Berserker: A LitRPG Urban Fantasy Adventure (Apocosmos Book 1)
Page 2
My choice was made for me as two more men stepped forward, trying to surround me. I dodged the first punch by ducking and blocked a kick with my left forearm. I used the same hand to clout the one who’d missed me between his legs. He immediately hunched forward, bringing his chin exactly where my elbow wanted it.
Two out. Three to go. The one who’d actually managed to land a kick on me was now above me and he pounded my gut. I felt my breath escape me, but the hit wasn’t half as bad as I expected it to be. At last, those early mornings lifting weights at the gym were paying off. I lunged at him, bringing his head down to meet my knee. Another crack and he was on his back holding his bleeding nose as well.
Two left.
Before I was able to properly examine the two remaining assholes, a swift flow of cold wind almost swept me off my feet. It was only when I steadied myself and turned back to the two men that I saw the wind create a small swirling ball in front of them.
What the fuck is this now? Rasengan?
The moment I wasted pondering whether I was dreaming was enough for the man to bring his hands forward and launch the spinning ball of compressed air at me. The force with which I was hit sent me flying several feet back, claiming half of the air in my lungs at the moment of impact and the other half when I hit the asphalt.
“What the hells, man?” shouted the second corporate thug, who was still standing. “Why would you attack him like that?”
“Yeah, we could’ve taken him,” another voice said. “Why would you bring him to this side?”
“He took three of you out,” my aggressor snapped back at them as I managed to pick myself up. “The bastard had it coming.”
My body didn’t hurt and there was no blood on the back of my head when I checked it, but I must have suffered a concussion. Amid the sun’s last rays reflecting on the restaurant’s windows, Louie’s barks, and the screams of bystanders, I was seeing things that made no sense. The periphery of my vision was somehow clouded. No, not clouded. It was cluttered with… words. Words and numbers.
I tried to focus my eyes on the person who was responsible for my injury, as he seemed to be preparing another of his wind spheres, but I was distracted by more words hovering above his head.
Name: ???
Race: Human
Class: Mage
Level: 11
What the actual fuck?
I was able to jump to the side just in time to avoid his attack, but before I could shout at them, I saw the shadow of someone holding a long object in his hands. I felt a sudden pressure on the back of my head and dropped to the ground, face-first. My vision flashed white as my brain registered the pain and for a second all I could see was what looked like a red and blue bar on the periphery of my vision. The red one was half-empty while the blue was still full.

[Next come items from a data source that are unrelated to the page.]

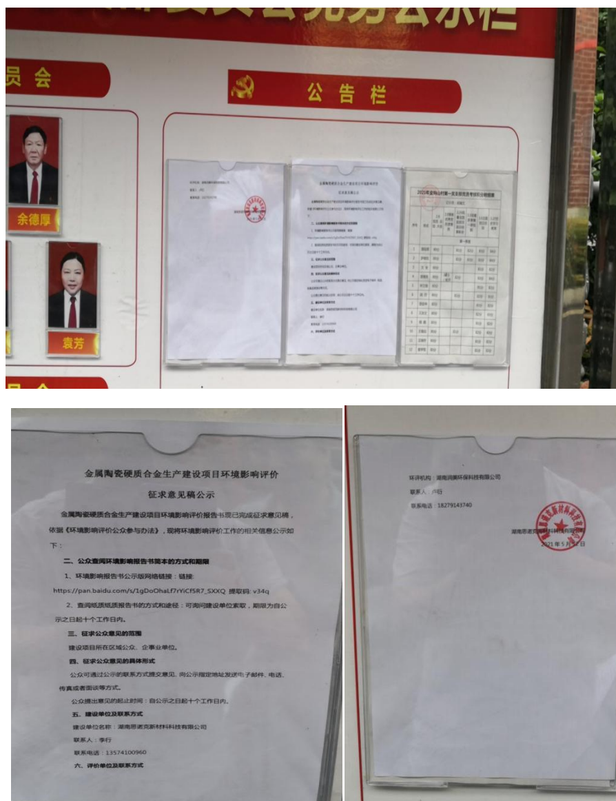
图 3.4 金钩山村公示现场照片

为广泛征求项目周边公众对本项目建设的意见，建设单位在场址周边村庄张贴公告，公示时间为 2021 年 5 月 13 日，公示照片见图 3.4。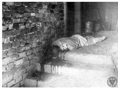
Zwłoki Józefa Hachlicy, prezesa Koła PSL w Krakowie-Prokocimiu, zamordowanego 22 października 1946 r. przed drzwiami własnego domu Fot. AIPN

Odezwa wyborcza Naczelnego Komitetu Wykonawczego PSL, 8 grudnia 1946 r. Fot. AIPN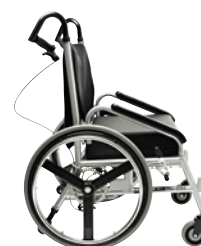
Sports armlæn set fra siden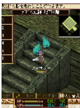
新規追加された 「デビース遺跡」。

I could now hear laughs around me, while Louie’s barking felt distant. I tried to pick myself up but only managed to stumble and fall on my back. Once my vision returned, there were several completely opaque windows of text obscuring my view.
Name: Alexander MacFie
Race: Human
Class: ???
Level: 1
HP : 72/126
MP: 38/38
XP : 0.00%
STR: 40
DEX: 30
CON: 43
INT: 21
WIS: 11
MEN: 25
Battle Stats
Max HP: 126
Max MP: 38
Physical Attack: 4
Physical Defense: 72
Accuracy: 33
Critical: 44
Attack Speed: 330
Magic Attack: 3
Magic Defense: 47
Evasion: 33
Speed: 126
Casting Speed: 213
HP Regen. : 3.4/minute
MP Regen. : 1.1/minute
Without even running my eyes over everything, I realized I had somehow absorbed all the information. It was as if the moment my eyes glanced at each of the floating windows, I remembered what was written on them. I tried swiping across them with my hands to force them to go away. It was no surprise when my fingers didn’t seem to touch them at all, but the windows quickly disappeared as I blinked hard in frustration. They cleared my views just in time for me to see the sole of a squeaky-clean brown leather shoe land on my face.
Once again, I fell to the ground, yet this time I felt more kicks immediately after. On my shoulders. My stomach. My face. It felt as if a herd of cattle was stampeding over me. The taste of blood on my lips made my anger resurface, and I grabbed a leg and bit down hard on it.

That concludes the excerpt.